The group operates in a shop small enough for team members to affectionately refer to it as a “studio shop” or “Hendrick’s parts room.”

A 45-year-old Virginia native, Johnson is preparing for his first full-time season as a crew chief in NASCAR.

A seasoned car chief, Johnson’s first chance to crew chief in the Xfinity Series came last year with Carl Long’s team, including five races with Finchum and one with Tommy Joe.

With the Martins announcing their intentions to field a team in the middle of December, Johnson has only been on the job for a month at this point, working 12-15 hours days, six days a week.

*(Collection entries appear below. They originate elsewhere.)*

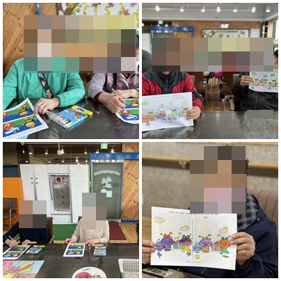 다른 부분에 동그라미도 치며 행복해하시고 모르는 부분은 옆 어르신들과 상의도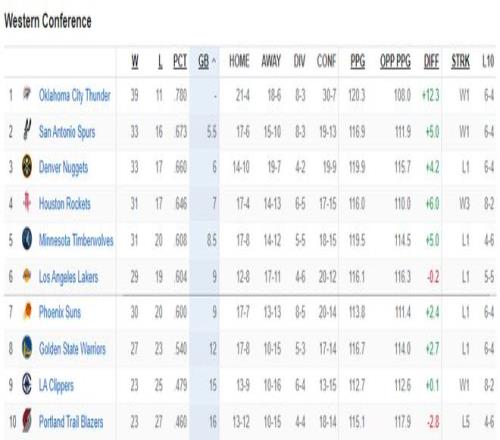 可以看到西部前四的球隊只有馬刺、火箭1個全明星,但馬刺與火箭有著明顯的區別,馬刺只有文班亞馬一個場均20+的球員,而火箭有兩個,就連西部第六的湖人都有兩個全明星。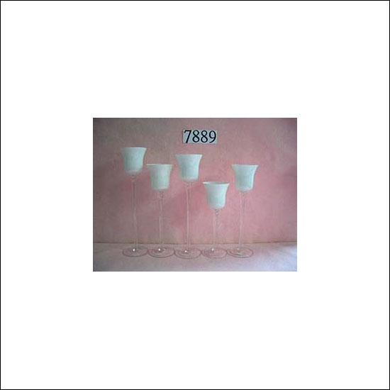 Glass Candle Holder with White Bowl and Clear Stem and Base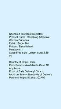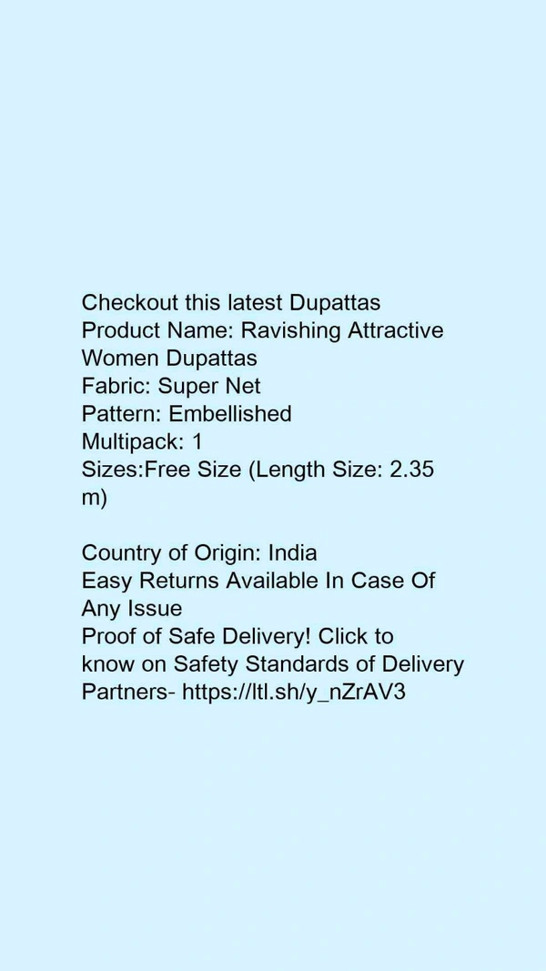 Checkout this latest DupattasProduct Name: *Ravishing Attractive Women Dupattas*Fabric: Super NetPattern: EmbellishedMultipack: 1Sizes:Free Size (Length Size: 2.35 m) Country of Origin: India

“If you had come last week, the level of intensity and the stress level was probably thru the roof,” Johnson says. “This week not so much. Just fighting a lot of little things.”

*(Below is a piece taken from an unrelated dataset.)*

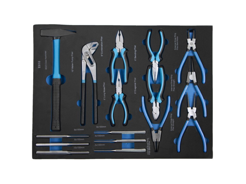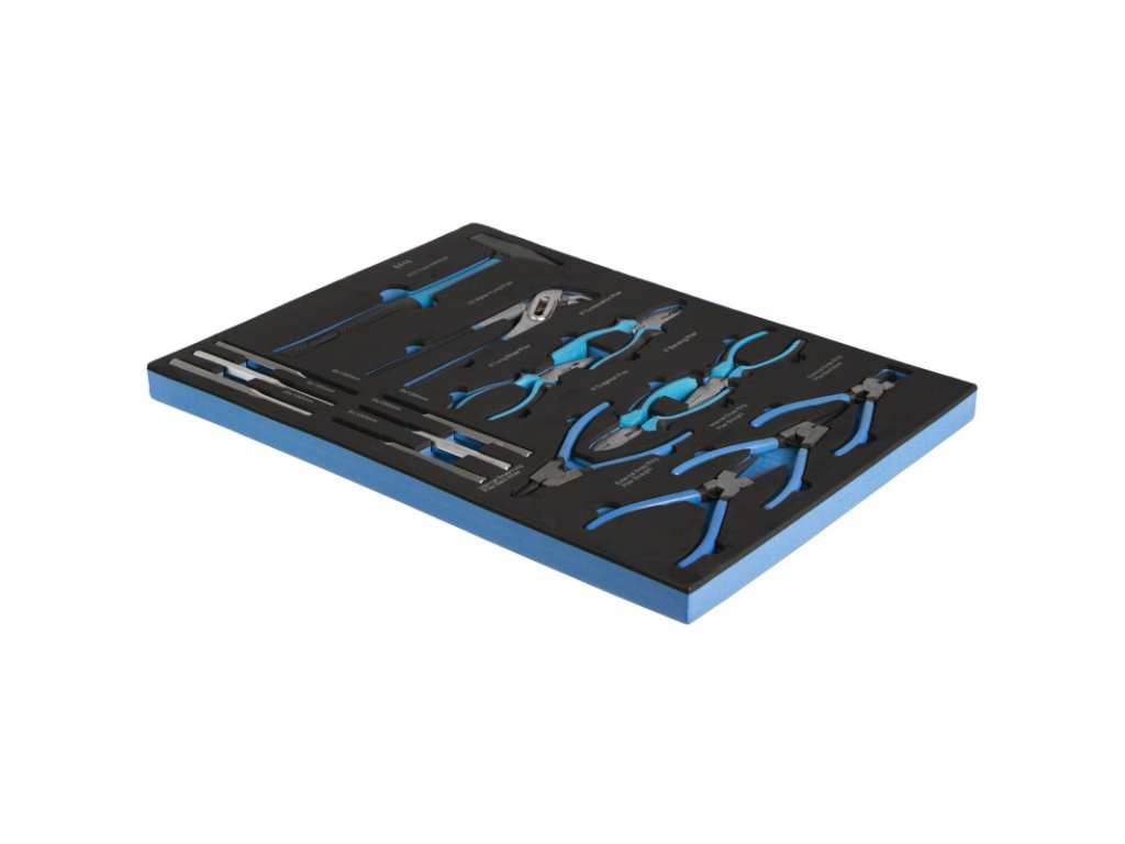 Univerzální sada kleští, vyrážečů a kladiva přehledně uložená v přesně tvarované pěnové výplni, kompatibilní s běžnými dílenskými vozíky.

That includes getting the right parts and pieces for two of their cars, which were purchased from GMS Racing after it folded its Xfinity operation at the end of last season.

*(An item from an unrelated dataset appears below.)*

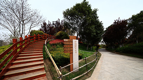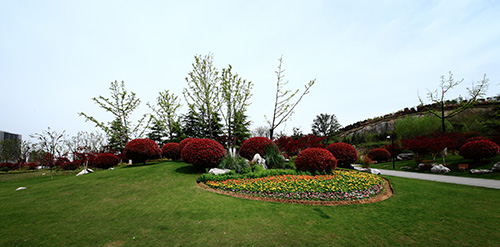為恢復植被,修復裸露的山體,工程中應用了大量的植物,其中,榔榆、喜樹、樸樹、三角楓、黑松、香樟、銀杏、無患子、女貞、欒樹、七葉樹、五角楓、楓香、雪松、烏桕、廣玉蘭、黃連木、黃金槐、馬褂木等喬木50余品種,2.3萬余株,鄉(xiāng)土樹種占88%;垂絲海棠、映山紅、櫻花、紫薇、金絲繡球、含笑、紫葉李、茶梅、紅梅、紅櫨等花灌木100余品種,2.5萬余株;紅葉石楠、金森女貞、扶芳藤、南天竹、灑金珊瑚、水果蘭、六道木、檉柳、衛(wèi)矛、無刺枸骨、毛鵑、連翹、金鐘、迎春、紅花檵木等綠籬40余品種,面積約4.1萬平方米;各種宿根、球根、時令花卉和水生植物,如薰衣草、金雞菊、郁金香、鳶尾、牡丹、金絲桃、珍珠梅、繡線菊、美人蕉、荷蘭菊、蒲公英、亞菊、玉龍草、八仙花、瓊花、月季、薔薇等80余品種,面積約2.8萬平方米;鋪設草坪及地被麥冬等面積約8.7萬平方米。豐富的植物應用,使得原本裸露的山坡披上了綠色的盛裝,公園內(nèi),春有百花爭艷,夏有綠蔭匝地,秋有金色滿園,即使到了冬天,也仍能看到滿山的綠色與生機。

“Some of the parts and pieces that are on our other (cars) don’t fit up to this, so we’ve been changing some odd and ends stuff there,” Johnson says. “But for the most part the stress level is, it’s up there. ... If this wasn’t a complete startup deal, it wouldn’t be as bad. But we got a little later start than the rest of our competition.”

While Martins Motorsports is going into 2020 with its best sponsorship deal ever and two relatively new cars in its arsenal, they’re at a disadvantage in two important areas: Points and engines.

Due to their late start, the team was unable to buy points from any other team or lease any engines from top-tier organizations.

Combine NASCAR reducing the Xfinity field to 36 cars and the first few races guaranteeing starting spots based on last year’s points standings, and the No. 44 team can’t afford a mishap.

Martins acknowledges the “stressful time” for him and the team, but it hasn’t dampened his enthusiasm for what they’re about to undertake.

“For the first time ever in my life I’m like, ‘You know what? I think we’ve got a pretty good plan here in place,’” he says. “So I am very, very blessed with the sponsors I’ve been able to find, with my dad having a partner in this business with Rodney Riessen, with Danny Johnson having experience in the Xfinity Series coming in as our crew chief. We are in a spot where it’s a better situation than I’ve ever had in my life and it just happens to be a team with my name on it.”